=== Begin Enclosure ===

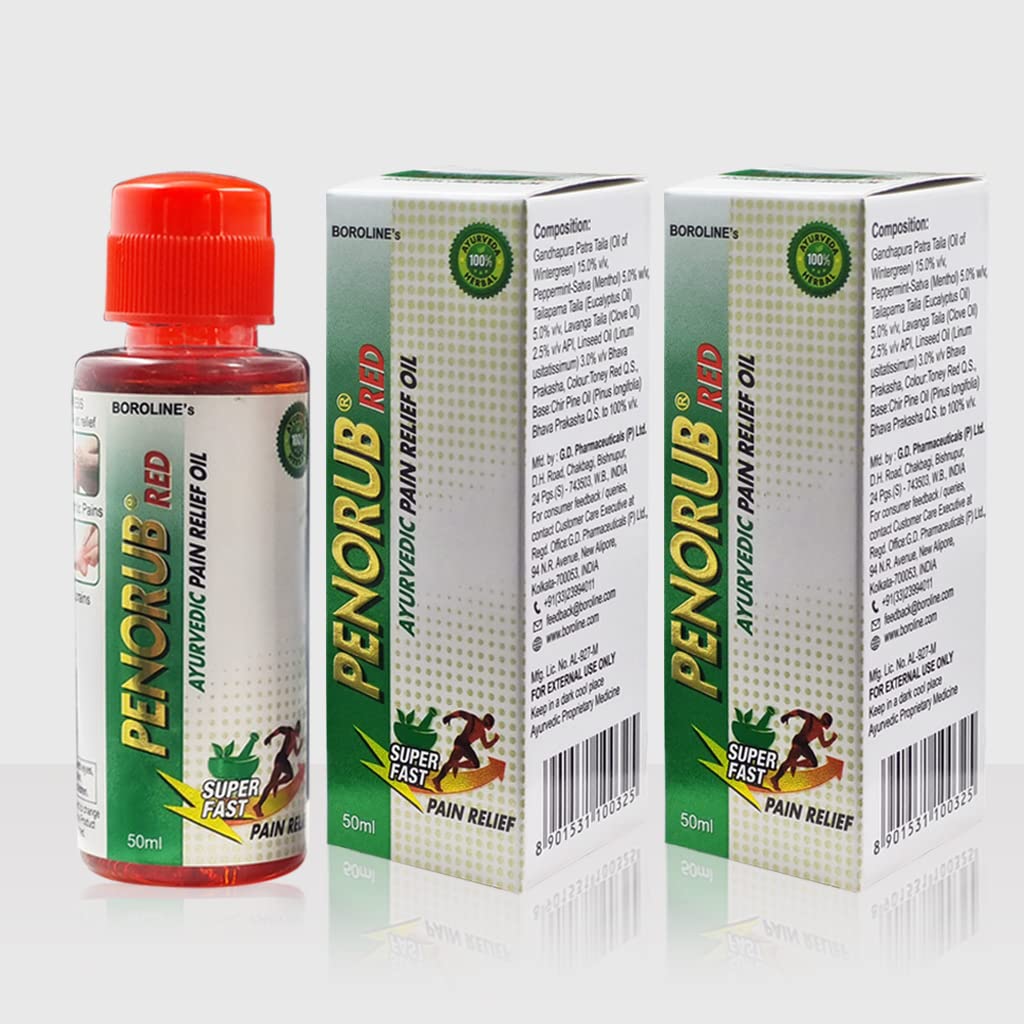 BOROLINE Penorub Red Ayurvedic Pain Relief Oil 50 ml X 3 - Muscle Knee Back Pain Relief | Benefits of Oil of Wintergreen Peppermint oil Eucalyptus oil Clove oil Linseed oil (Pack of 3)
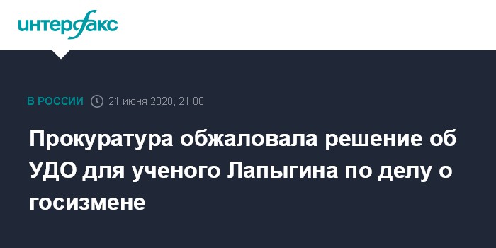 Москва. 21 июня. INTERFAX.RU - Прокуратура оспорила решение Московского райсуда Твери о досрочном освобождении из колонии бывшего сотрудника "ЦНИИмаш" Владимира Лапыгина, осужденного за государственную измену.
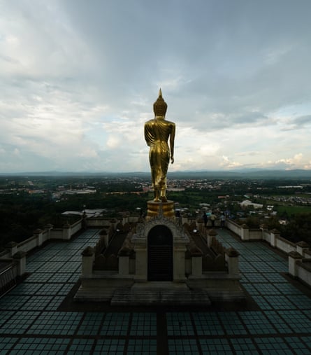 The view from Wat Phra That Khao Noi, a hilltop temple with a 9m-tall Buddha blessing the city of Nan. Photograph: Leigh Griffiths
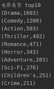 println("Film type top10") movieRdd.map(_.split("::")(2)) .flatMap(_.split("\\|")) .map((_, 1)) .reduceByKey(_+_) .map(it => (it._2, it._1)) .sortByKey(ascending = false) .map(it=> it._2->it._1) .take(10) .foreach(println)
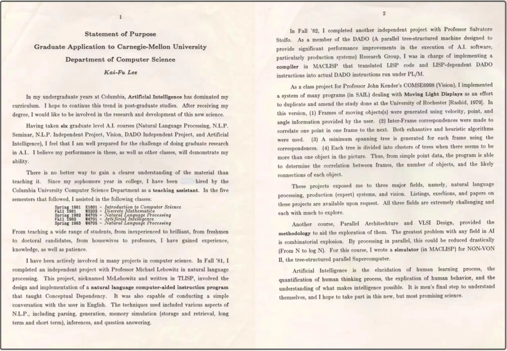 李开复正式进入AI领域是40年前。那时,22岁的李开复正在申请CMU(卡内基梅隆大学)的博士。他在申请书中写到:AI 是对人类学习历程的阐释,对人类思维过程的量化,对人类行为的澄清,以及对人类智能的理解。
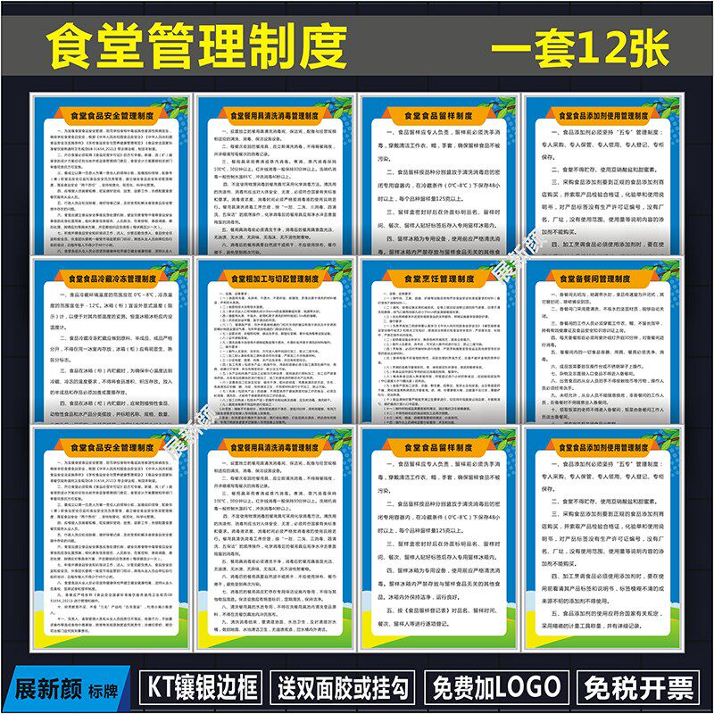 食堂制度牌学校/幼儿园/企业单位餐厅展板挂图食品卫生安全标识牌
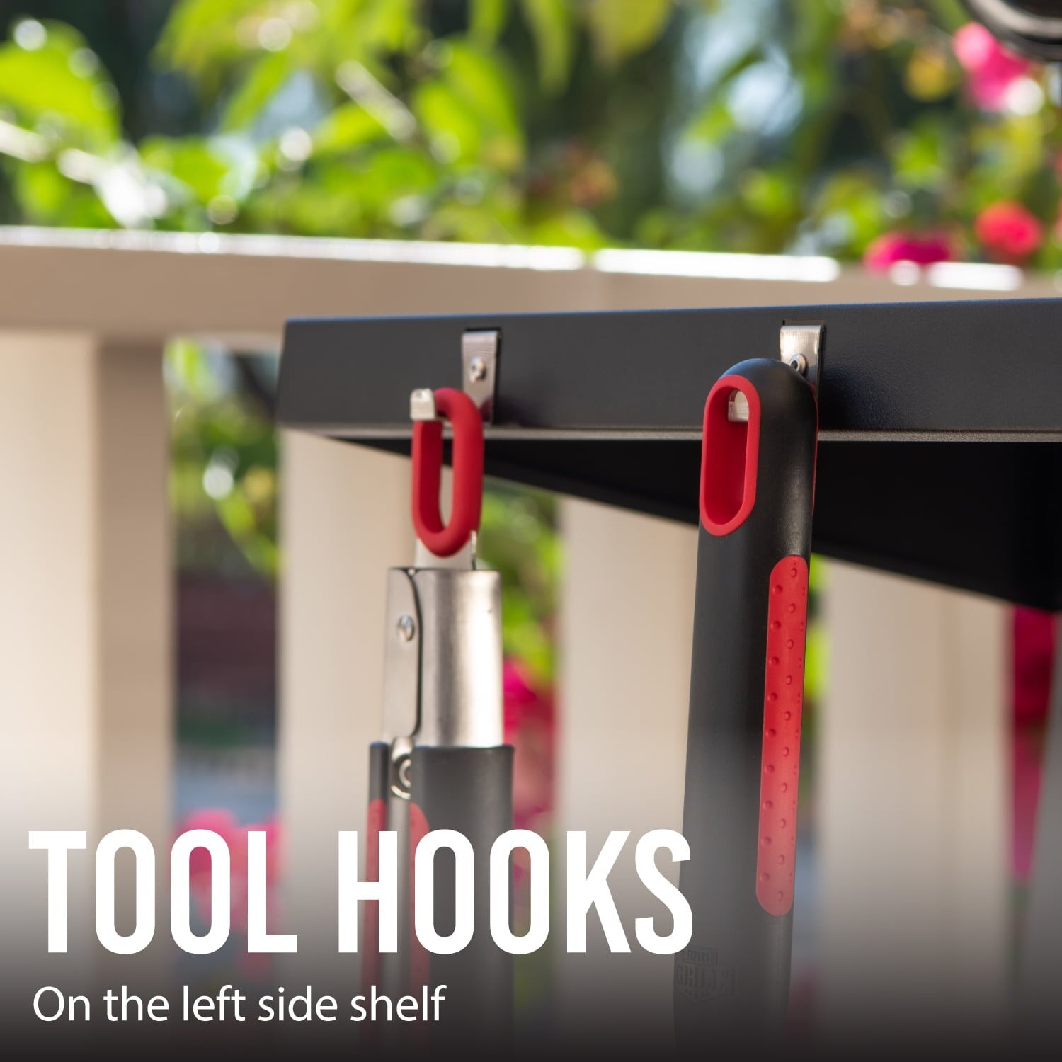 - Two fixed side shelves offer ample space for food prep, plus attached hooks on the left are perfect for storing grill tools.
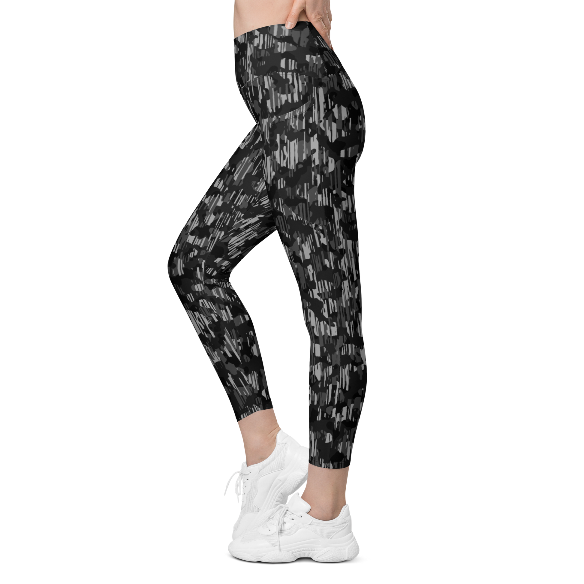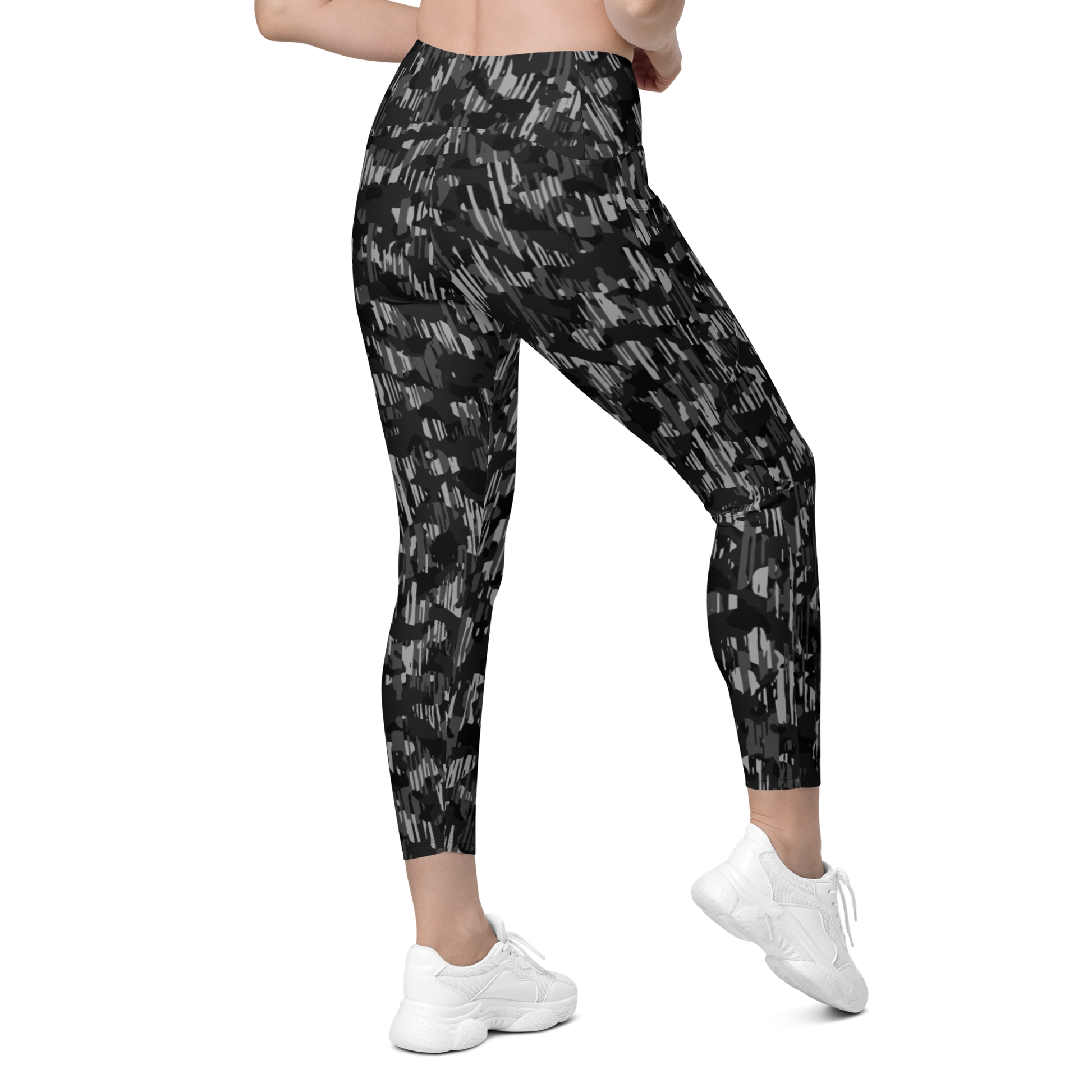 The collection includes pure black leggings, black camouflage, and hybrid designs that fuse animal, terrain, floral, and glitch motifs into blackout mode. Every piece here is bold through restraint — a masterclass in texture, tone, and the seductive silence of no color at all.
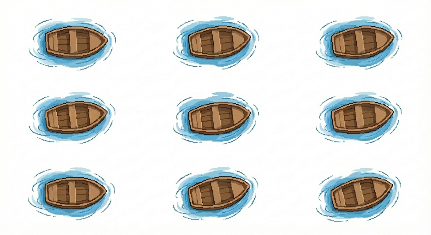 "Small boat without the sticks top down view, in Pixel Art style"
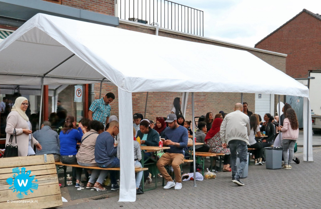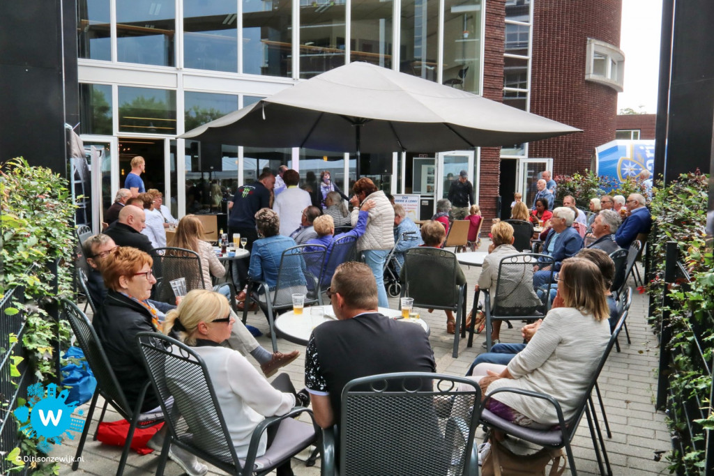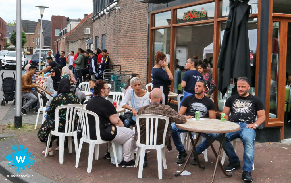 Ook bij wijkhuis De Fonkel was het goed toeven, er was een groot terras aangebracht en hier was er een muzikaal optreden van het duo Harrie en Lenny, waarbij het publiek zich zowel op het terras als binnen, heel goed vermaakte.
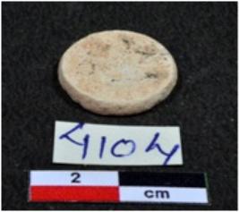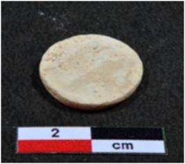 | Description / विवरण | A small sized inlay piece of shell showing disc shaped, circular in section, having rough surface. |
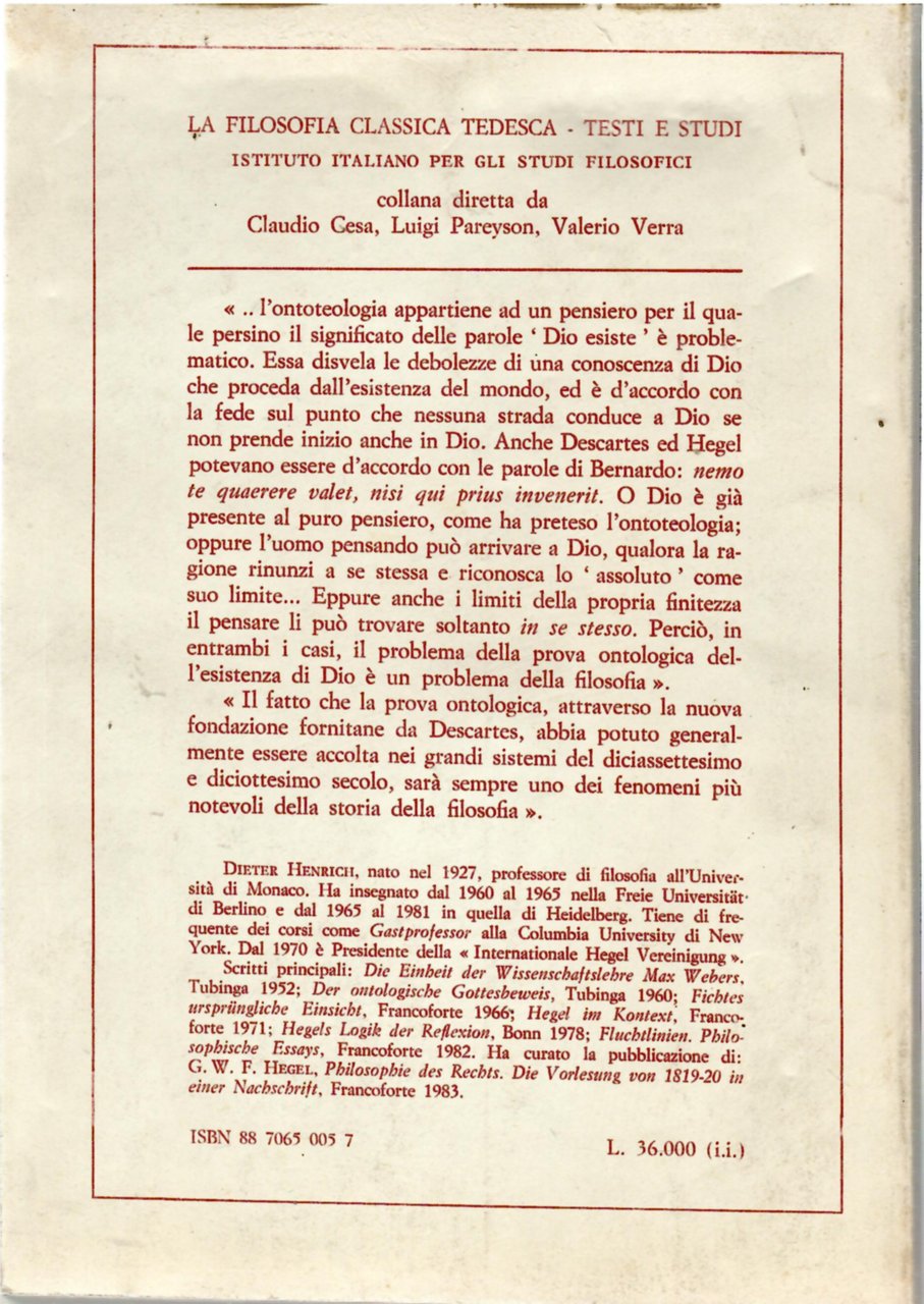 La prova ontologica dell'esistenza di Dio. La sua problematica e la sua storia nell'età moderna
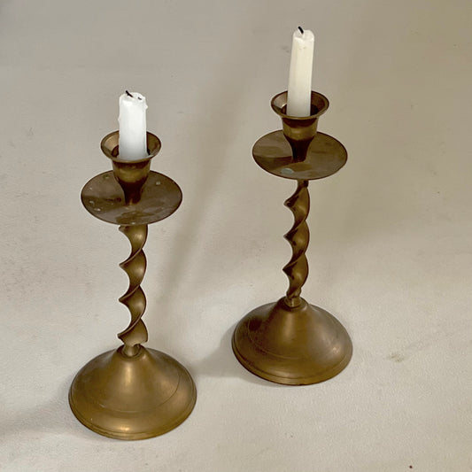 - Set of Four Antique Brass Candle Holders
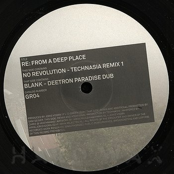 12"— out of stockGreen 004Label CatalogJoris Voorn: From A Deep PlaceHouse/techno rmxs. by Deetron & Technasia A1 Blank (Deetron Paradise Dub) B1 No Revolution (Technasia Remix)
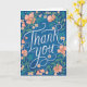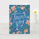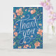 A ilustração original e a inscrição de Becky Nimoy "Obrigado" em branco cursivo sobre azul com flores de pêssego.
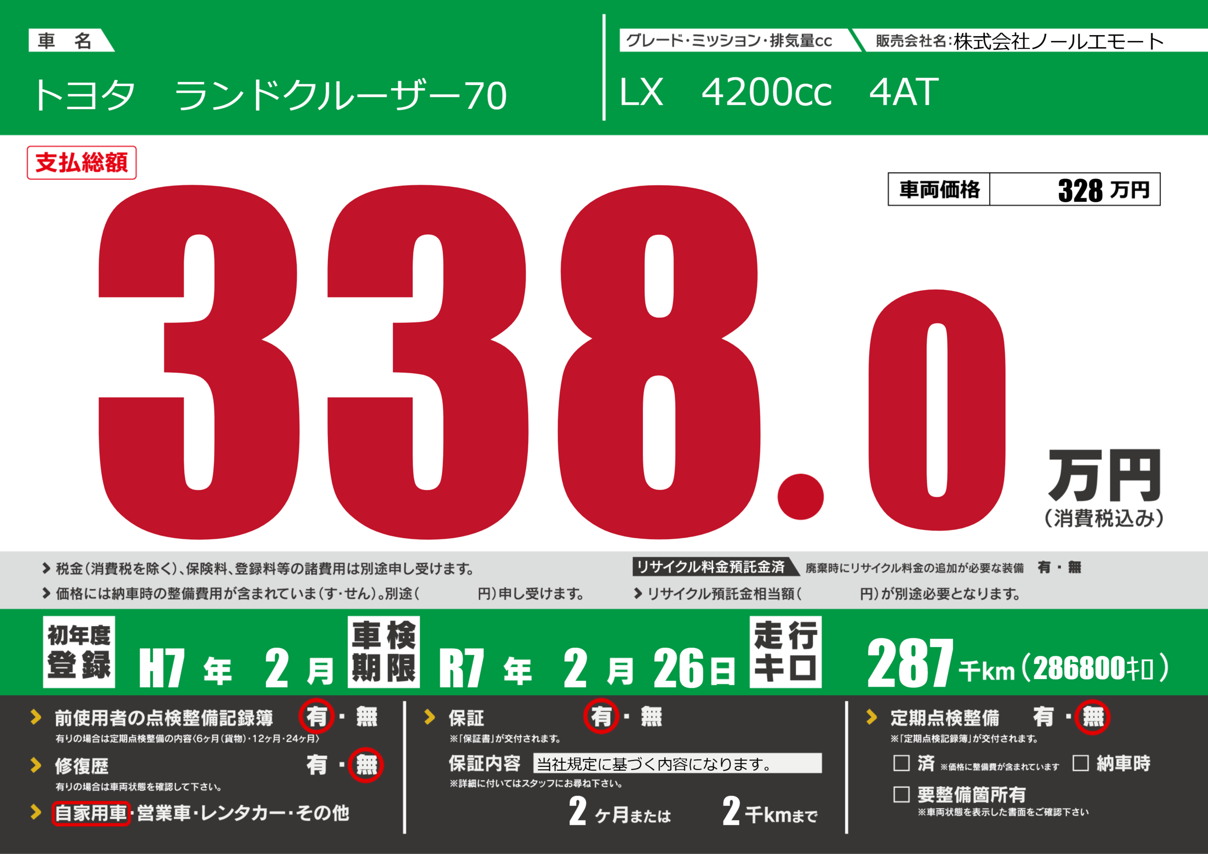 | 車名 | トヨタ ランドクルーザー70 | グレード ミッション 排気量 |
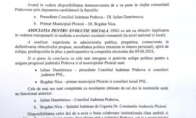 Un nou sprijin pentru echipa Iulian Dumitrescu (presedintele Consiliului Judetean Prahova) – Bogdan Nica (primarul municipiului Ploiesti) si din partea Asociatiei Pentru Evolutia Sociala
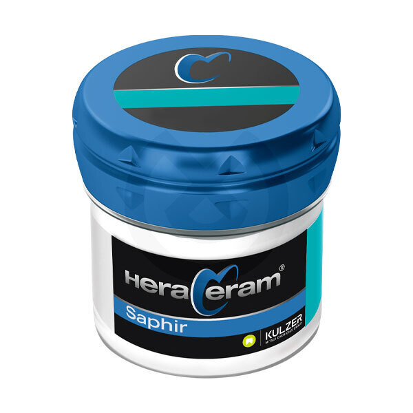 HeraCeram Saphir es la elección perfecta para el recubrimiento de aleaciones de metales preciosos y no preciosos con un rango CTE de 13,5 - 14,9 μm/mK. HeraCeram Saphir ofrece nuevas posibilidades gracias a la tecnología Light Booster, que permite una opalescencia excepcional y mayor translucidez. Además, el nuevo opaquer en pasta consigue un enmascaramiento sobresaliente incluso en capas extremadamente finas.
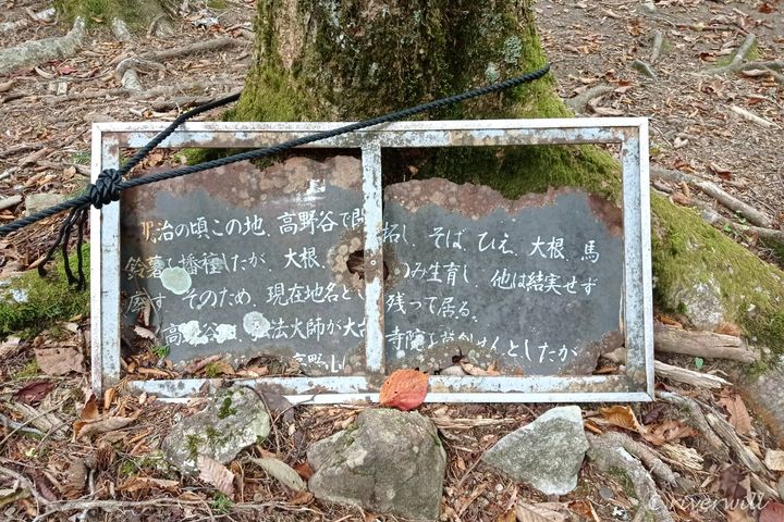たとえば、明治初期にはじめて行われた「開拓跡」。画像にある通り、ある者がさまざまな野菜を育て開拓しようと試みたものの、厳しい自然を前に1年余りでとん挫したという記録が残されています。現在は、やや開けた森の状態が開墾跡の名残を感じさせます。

=== End Enclosure ===

> **Problem requirements**
Take the material above from the line bearing "The collection includes" through the line bearing "Ook bij wijkhuis" and write it out exactly, both end lines included. Pictures stay out.

> **Your solution**
 The collection includes pure black leggings, black camouflage, and hybrid designs that fuse animal, terrain, floral, and glitch motifs into blackout mode. Every piece here is bold through restraint — a masterclass in texture, tone, and the seductive silence of no color at all.
 "Small boat without the sticks top down view, in Pixel Art style"
 Ook bij wijkhuis De Fonkel was het goed toeven, er was een groot terras aangebracht en hier was er een muzikaal optreden van het duo Harrie en Lenny, waarbij het publiek zich zowel op het terras als binnen, heel goed vermaakte.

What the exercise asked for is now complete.